> [TASK INSTRUCTIONS]: Skip the pictures. Output only the lines below starting at the line with "Travachic 大码热带印花露肩长裙 - 橘色 - 查看 1" and ending at the line with "comfort, and safety.", both ends included, exactly as they are.

[Records from a data source]
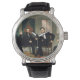 Uhr, Vintage Männeruhr mit schwarzem Lederarmband
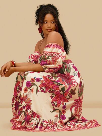 Travachic 大码热带印花露肩长裙 - 橘色 - 查看 1
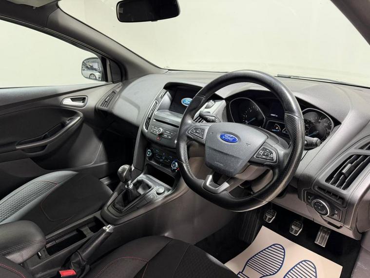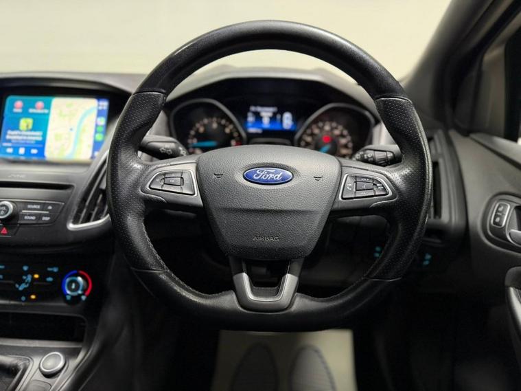 ** FULL SERVICE HISTORY ** NATIONWIDE DELIVERY ** APPLE CARPLAY ** BLUETOOTH ** FRESH SERVICE ** 1 YEAR MOT ** 3 MONTH WARRANTY ** 12 MONTH BREAKDOWN COVER ** The Ford Focus 1.5 TDCi ST-Line Hatchback delivers a striking sporty presence with 18-inch Rock Metallic alloy wheels, ST-Line body styling, and black exterior detailing including headlamp surrounds and upper door lines. A body-coloured front styling kit with centre aero foil, side skirts, and a large rear spoiler enhance its dynamic look, while halogen headlights, front fog lights, and heated, electrically adjustable mirrors add everyday practicality. Inside, the cabin features sports-style front seats, a black woven headliner, leather-trimmed gearshift and handbrake, and stainless steel ST-Line scuff plates. Technology highlights include the SYNC 3 system with 8-inch touchscreen, DAB audio and navigation, colour TFT instrument display, and Ford Power start button. Driving confidence is supported by sports suspension, torque vectoring control, independent front and rear suspension, ESP with traction control and emergency brake assist, tyre pressure monitoring, and Fords Intelligent Protection System, delivering a well-balanced blend of performance, comfort, and safety.
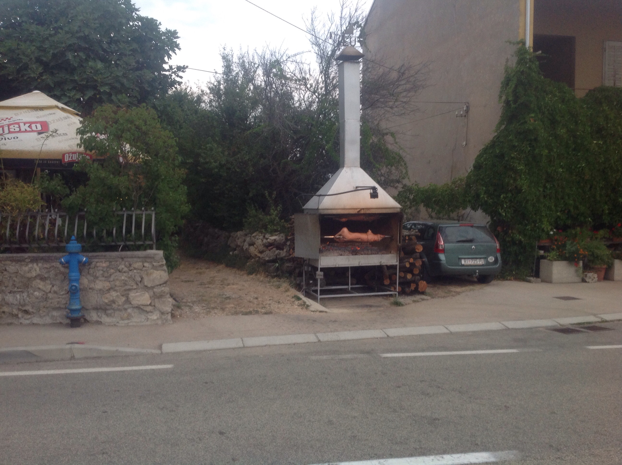 The plan was to keep riding until a bit before Osor and camp, however around dinner time we passed a small restaurant on the side of the road cooking pig on a spit. It looked so good we had to stop. It was delicious, and cheap too now that we had left the tourist hotspot of the island behind.
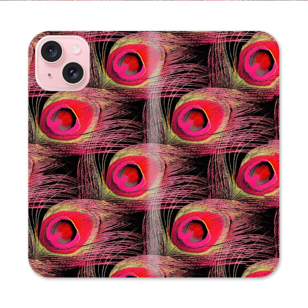 Pinke Pfauenfeder Apple iPhone 15 Flip Case● Seitlich klappbar
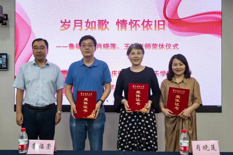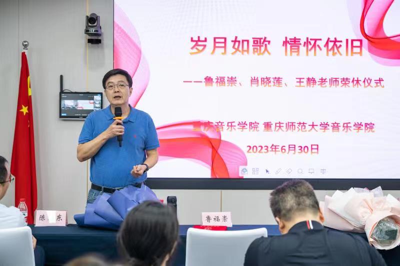 2023年6月30日下午,音乐学院2023年退休干部职工集体荣休仪式在学院201会议室隆重举行。本次集体荣休的三位干部职工是音乐学院原党委书记鲁福崇、肖晓莲教授和王静副教授。学校人事处处长陈进东出席仪式。仪式由音乐学院党委书记曾凡浏主持,音乐学院全院教职工参加。
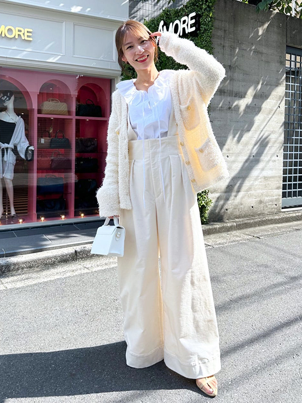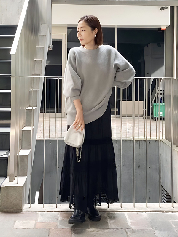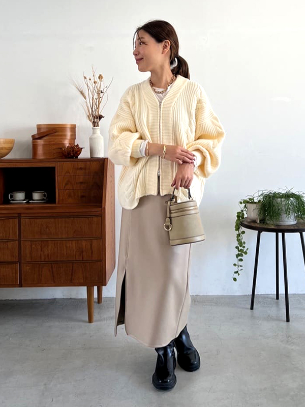 デニムやスラックスパンツとのベーシックな合わせはもちろん、ロング丈のスカートやワンピース合わせのコーデがおすすめです。

> [TASK SOLUTION]:
 Travachic 大码热带印花露肩长裙 - 橘色 - 查看 1
 ** FULL SERVICE HISTORY ** NATIONWIDE DELIVERY ** APPLE CARPLAY ** BLUETOOTH ** FRESH SERVICE ** 1 YEAR MOT ** 3 MONTH WARRANTY ** 12 MONTH BREAKDOWN COVER ** The Ford Focus 1.5 TDCi ST-Line Hatchback delivers a striking sporty presence with 18-inch Rock Metallic alloy wheels, ST-Line body styling, and black exterior detailing including headlamp surrounds and upper door lines. A body-coloured front styling kit with centre aero foil, side skirts, and a large rear spoiler enhance its dynamic look, while halogen headlights, front fog lights, and heated, electrically adjustable mirrors add everyday practicality. Inside, the cabin features sports-style front seats, a black woven headliner, leather-trimmed gearshift and handbrake, and stainless steel ST-Line scuff plates. Technology highlights include the SYNC 3 system with 8-inch touchscreen, DAB audio and navigation, colour TFT instrument display, and Ford Power start button. Driving confidence is supported by sports suspension, torque vectoring control, independent front and rear suspension, ESP with traction control and emergency brake assist, tyre pressure monitoring, and Fords Intelligent Protection System, delivering a well-balanced blend of performance, comfort, and safety.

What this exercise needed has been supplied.